The Art of Living
On Immigration, Community and the Migration of Symbols
May 12–October 21, 2022
130, rue du Faubourg Saint-Honoré
75008 Paris
France
Hours: Monday–Friday 10am–6pm
T +33 1 44 43 21 90
info@canada-culture.org
Curator: Catherine Bédard
Unknown to each other, from distant countries, these three artists and their work are coming together for the first time. What they have in common is the strange feeling of living in an in-between place, not quite rooted, suspended between two worlds, attached to the symbols of belonging to their cultures of origin, yet diverting them.
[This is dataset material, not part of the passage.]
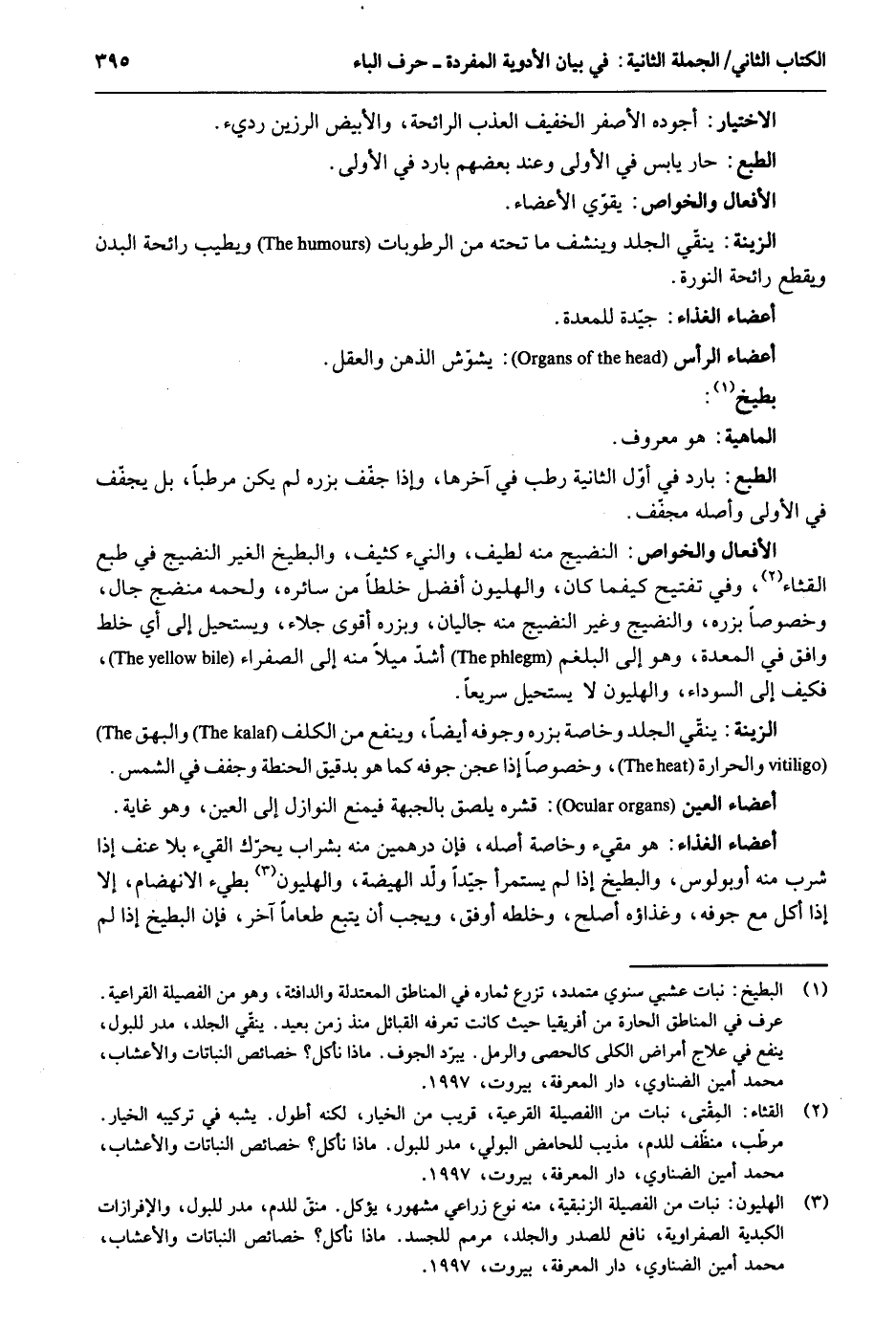 الأختيار: أجوده الْأَصْفَر الْخَفِيف العذب الرَّائِحَة رالأبيض الرزين رَدِيء. الطَّبْع: حَار يَابِس فِي الأولى وَعند بَعضهم بَارِد فِي الأولى. الْأَفْعَال والخواص: يُقَوي الْأَعْضَاء. الزِّينَة: ينقي الْجلد وينشف مَا تَحْتَهُ من الرطوبات ويطيب رَائِحَة الْبدن وَيقطع رَائِحَة النورة. أَعْضَاء الْغذَاء: جَيِّدَة للمعدة. أَعْضَاء الرَّأْس: يشوش الدّهن وَالْعقل. بطيخ: الْمَاهِيّة: هُوَ مَعْرُوف. الطَّبْع: بَارِد فِي أول الثَّانِيَة رطب فِي اً خرها وَإِذا جفف بزره لم يكن مرطباً بل يجفف فِي الأولى وَأَصله مجفف. الأفعالى والخواص: النضيج مِنْهُ لطيف والنيء كثيف والبطيخ الْغَيْر النضيج فِي طبع القثاء وَفِي تفتيح كَيْفَمَا كَانَ والهليون أفضل خليطاً من سائره ولحمه منضج جال وخصوصاً بزره والنضيج وَغير النضيج مِنْهُ جاليان وبزره أقوى جلاء ويستحيل إِلَى أَي خلط وَافق فِي الْمعدة وَهُوَ إِلَى البلغم أشدّ ميلًا مِنْهُ إِلَى الصَّفْرَاء فَكيف إِلَى السَّوْدَاء والهليون لَا يَسْتَحِيل سَرِيعا. الزِّينَة: ينقي الْجلد وخاصة بزره وجوفه أَيْضا وينفع من الكلف والبهق والحرارة وخصوصاً إِذا عجن جَوْفه كَمَا هُوَ بدقيق الْحِنْطَة وجفف فِي الشَّمْس. أَعْضَاء الْعين: قشره يلصق بالجبهة فَيمْنَع النَّوَازِل إِلَى الْعين وَهُوَ غَايَة. أَعْضَاء الْغذَاء: هُوَ مقيء وخاصة أَصله فَإِن دِرْهَمَيْنِ مِنْهُ بشراب يُحَرك الْقَيْء بِلَا عنف إِذا شرب مِنْهُ أوبولوس والبطيخ إِذا لم يستمرأ جيّداً ولد الهيضة والهليون بطيء الإنهضام إِلَّا إِذا أكل مَعَ جَوْفه وغذاؤه أصلح وخلطه أوفق وَيجب أَن يتبع طَعَاما آخر فَإِن البطيخٍ إِذا لم

Food, desire, religion and protection are all issues in their art, as are technology, globalization and consumer society.
Both Eastern and Western, these women came to Canada from China, Palestine and Iran, and forge ties that transform, distort and augment strong symbolic images: a staircase, a bridge, a word, a poem, decorative motifs, myths and legends. They give another dimension to the notion of cultural identity by presenting the viewer with hybrid and industrialized objects that are denatured, far from any idealization of the elsewhere and the past. A blood-red filamentary goddess, decorative motifs teeming with biological life, commercial reproductions of a traditional bird from 3D prints and other works that allow symbols to freely migrate, constitute a powerful, intimate reflection on an art of displacement and diaspora.
The works exhibited are meant to be inclusive of all viewers: they display their lack of solemnity, they reject noble materials and “good taste,” and instead opt for simple identifiers (Arabic calligraphy, traditional Middle Eastern dishes, ceramic soup spoons from Asian restaurants), they make themselves literally light and sensitive to the passage of time – even to the time of the decomposition of a meal’s remains. The Art of Living proposes, through the bringing together of three individual journeys that led these women to settle in Canada, a sensitive and original approach to the immigrant experience, as well as to overcoming it through gestures of transgression affecting the symbols of national cultures.